**Dataset extract**.

----

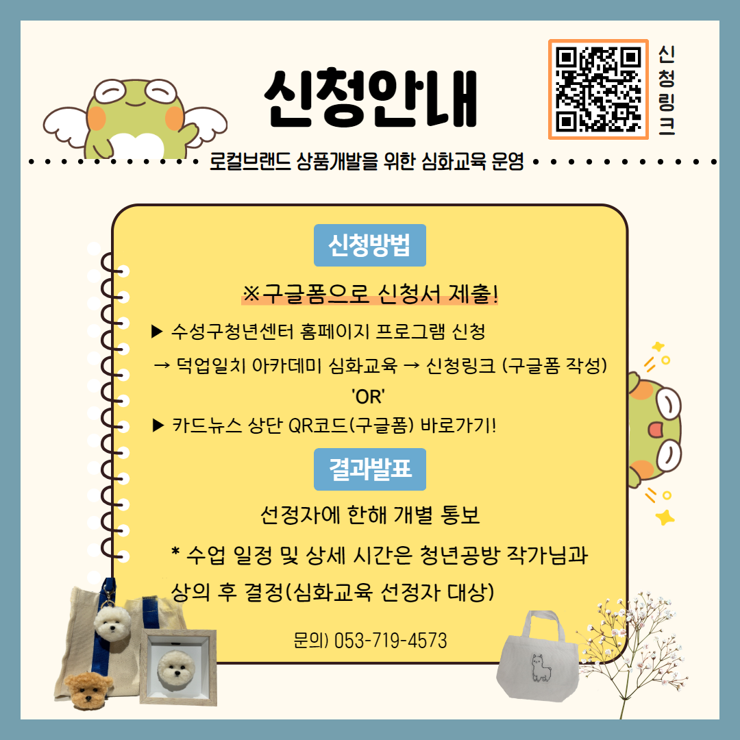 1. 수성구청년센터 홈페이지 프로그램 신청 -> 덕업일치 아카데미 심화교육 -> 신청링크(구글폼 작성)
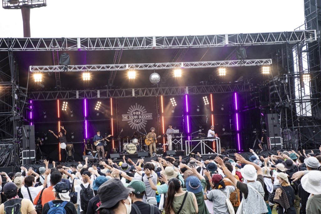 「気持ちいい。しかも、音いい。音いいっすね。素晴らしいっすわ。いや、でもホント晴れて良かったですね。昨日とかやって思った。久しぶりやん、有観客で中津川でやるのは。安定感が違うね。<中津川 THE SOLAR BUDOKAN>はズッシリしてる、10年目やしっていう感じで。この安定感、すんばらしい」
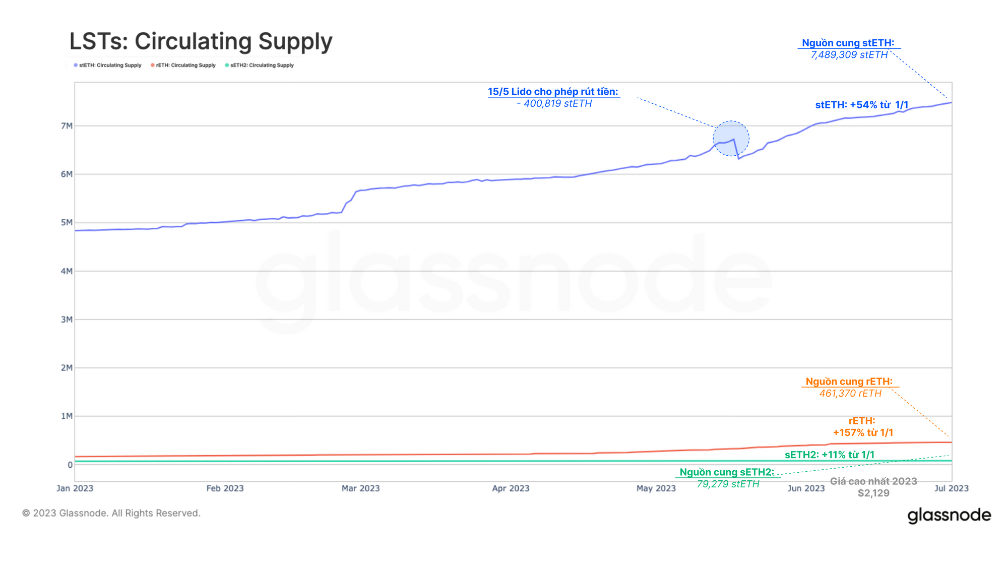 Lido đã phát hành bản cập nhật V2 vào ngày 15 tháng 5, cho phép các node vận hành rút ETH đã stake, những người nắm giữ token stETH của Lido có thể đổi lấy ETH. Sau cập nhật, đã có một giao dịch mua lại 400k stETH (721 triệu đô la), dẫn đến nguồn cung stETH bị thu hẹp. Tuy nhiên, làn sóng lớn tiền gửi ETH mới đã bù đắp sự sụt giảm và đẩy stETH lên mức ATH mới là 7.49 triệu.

----

**What to produce**. The output has to match the data above line for line, except that pictures are dropped.

**Final answer**.
 1. 수성구청년센터 홈페이지 프로그램 신청 -> 덕업일치 아카데미 심화교육 -> 신청링크(구글폼 작성)
 「気持ちいい。しかも、音いい。音いいっすね。素晴らしいっすわ。いや、でもホント晴れて良かったですね。昨日とかやって思った。久しぶりやん、有観客で中津川でやるのは。安定感が違うね。<中津川 THE SOLAR BUDOKAN>はズッシリしてる、10年目やしっていう感じで。この安定感、すんばらしい」
 Lido đã phát hành bản cập nhật V2 vào ngày 15 tháng 5, cho phép các node vận hành rút ETH đã stake, những người nắm giữ token stETH của Lido có thể đổi lấy ETH. Sau cập nhật, đã có một giao dịch mua lại 400k stETH (721 triệu đô la), dẫn đến nguồn cung stETH bị thu hẹp. Tuy nhiên, làn sóng lớn tiền gửi ETH mới đã bù đắp sự sụt giảm và đẩy stETH lên mức ATH mới là 7.49 triệu.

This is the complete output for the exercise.